Now there can be no doubt that pleasure, pain, labour, utility, value, wealth, money, capital, etc., are all notions admitting of quantity; nay, the whole of our actions in industry and trade certainly depend upon comparing quantities of advantage or disadvantage. Even the theories of moralists have recognised the quantitative character of the subject. Bentham's Introduction to the Principles of Morals and Legislation is thoroughly mathematical in the character of the method. He tells us1 to estimate the tendency of an action thus: "Sum up all the values of all the pleasures on the one side, and those of all the pains on the other. The balance, if it be on the side of pleasure, will give the good tendency of the act upon the whole, with respect to the interests of that individual person; if on the side of pain, the bad tendency of it upon the whole." The mathematical character of Bentham's treatment of moral science is also well exemplified in his remarkable tract entitled, "A Table of the Springs of Action," printed in 1817, as in p. 3, and elsewhere.

"But where," the reader will perhaps ask, "are your numerical data for estimating pleasures and pains in Political Economy?" I answer, that my numerical data are more abundant and precise than those possessed by any other science, but that we have not yet known how to employ them. The very abundance of our data is perplexing. There is not a clerk nor book-keeper in the country who is not engaged in recording numerical facts for the economist. The private-account books, the great ledgers of merchants and bankers and public offices, the share lists, price lists, bank returns, monetary intelligence, Custom-house and other Government returns, are all full of the kind of numerical data required to render 5Economics an exact mathematical science. Thousands of folio volumes of statistical, parliamentary, or other publications await the labour of the investigator. It is partly the very extent and complexity of the information which deters us from its proper use. But it is chiefly a want of method and completeness in this vast mass of information which prevents our employing it in the scientific investigation of the natural laws of Economics.

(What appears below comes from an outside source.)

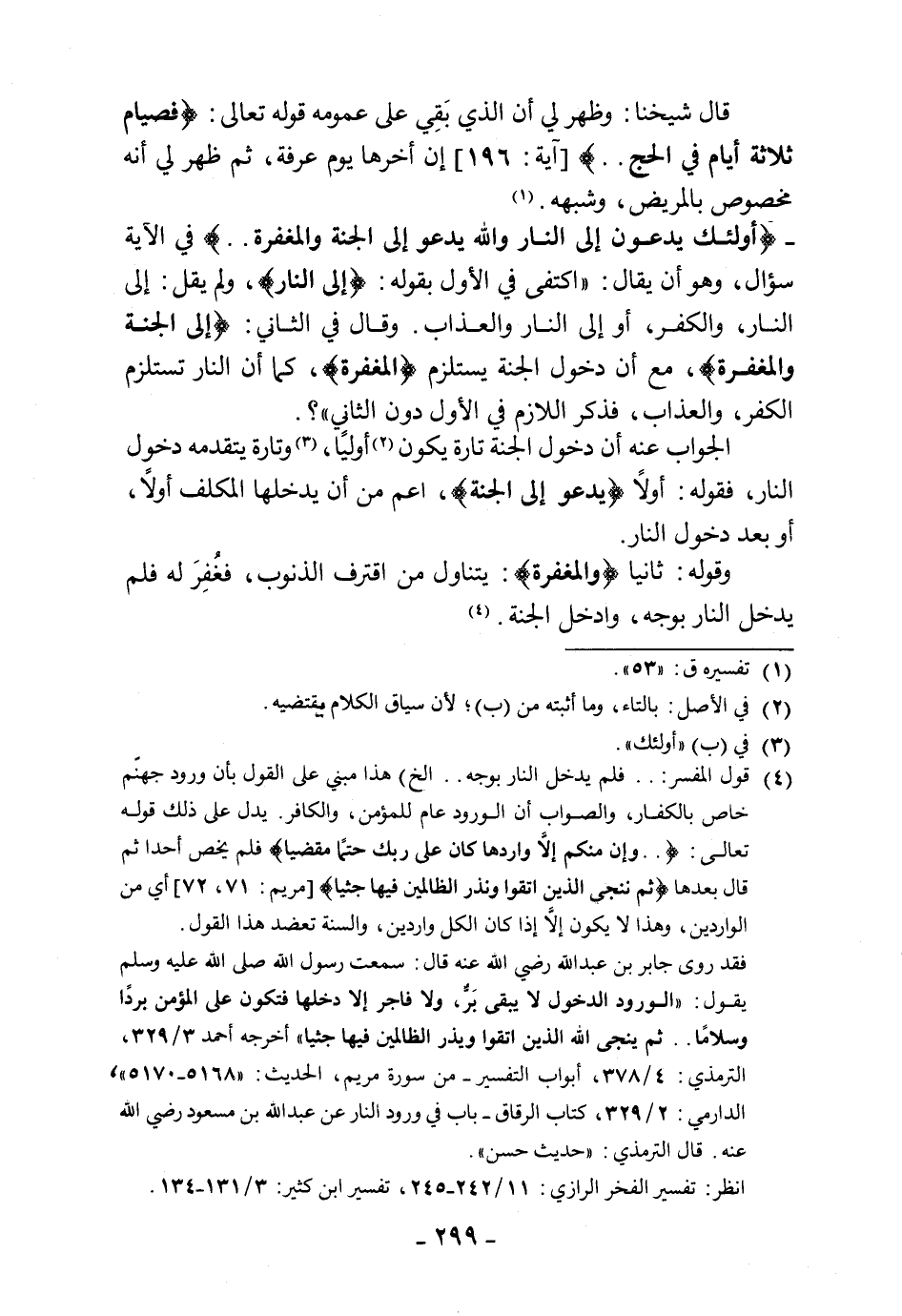 - (أُولَئِكَ يَدْعُونَ إِلَى النَّارِ وَاللَّهُ يَدْعُو إِلَى الْجَنَّةِ وَالْمَغْفِرَةِ). . في الآية سؤال، وهو أن يقال: " اكتفى في الأول بقوله: (إلى النار)، ولم يقل: إلى النار، والكفر، أو إلى النار والعذاب. وقال في الثاني: (إِلَى الْجَنَّةِ وَالْمَغْفِرَةِ)، مع أن دخول الجنة يستلزم (المغفرة)، كما أن النار تستلزم الكفر، والعذاب، فذكر اللازم في الأول دون الثاني "؟.

I hesitate to say that men will ever have the means of measuring directly the feelings of the human heart. A unit of pleasure or of pain is difficult even to conceive; but it is the amount of these feelings which is continually prompting us to buying and selling, borrowing and lending, labouring and resting, producing and consuming; and it is from the quantitative effects of the feelings that we must estimate their comparative amounts. We can no more know nor measure gravity in its own nature than we can measure a feeling; but, just as we measure gravity by its effects in the motion of a pendulum, so we may estimate the equality or inequality of feelings by the decisions of the human mind. The will is our pendulum, and its oscillations are minutely registered in the price lists of the markets. I know not when we shall have a perfect system of statistics, but the want of it is the only insuperable obstacle in the way of making Economics an exact science. In the absence of complete statistics, the science will not be less mathematical, though it will be immensely less useful than if it were, comparatively speaking, exact. A correct theory is the first step towards improvement, by showing what we need and what we might accomplish.

[[1]]See Principles of Science, chap. xiii., on "The Exact Measurement of Phenomena," 3d ed., p. 270.

[[1]]Formal Logic, p. 175.

[[1]]Chapter iv., on the "Value of a Lot of Pleasure or Pain, How to be measured," sec. v. 5.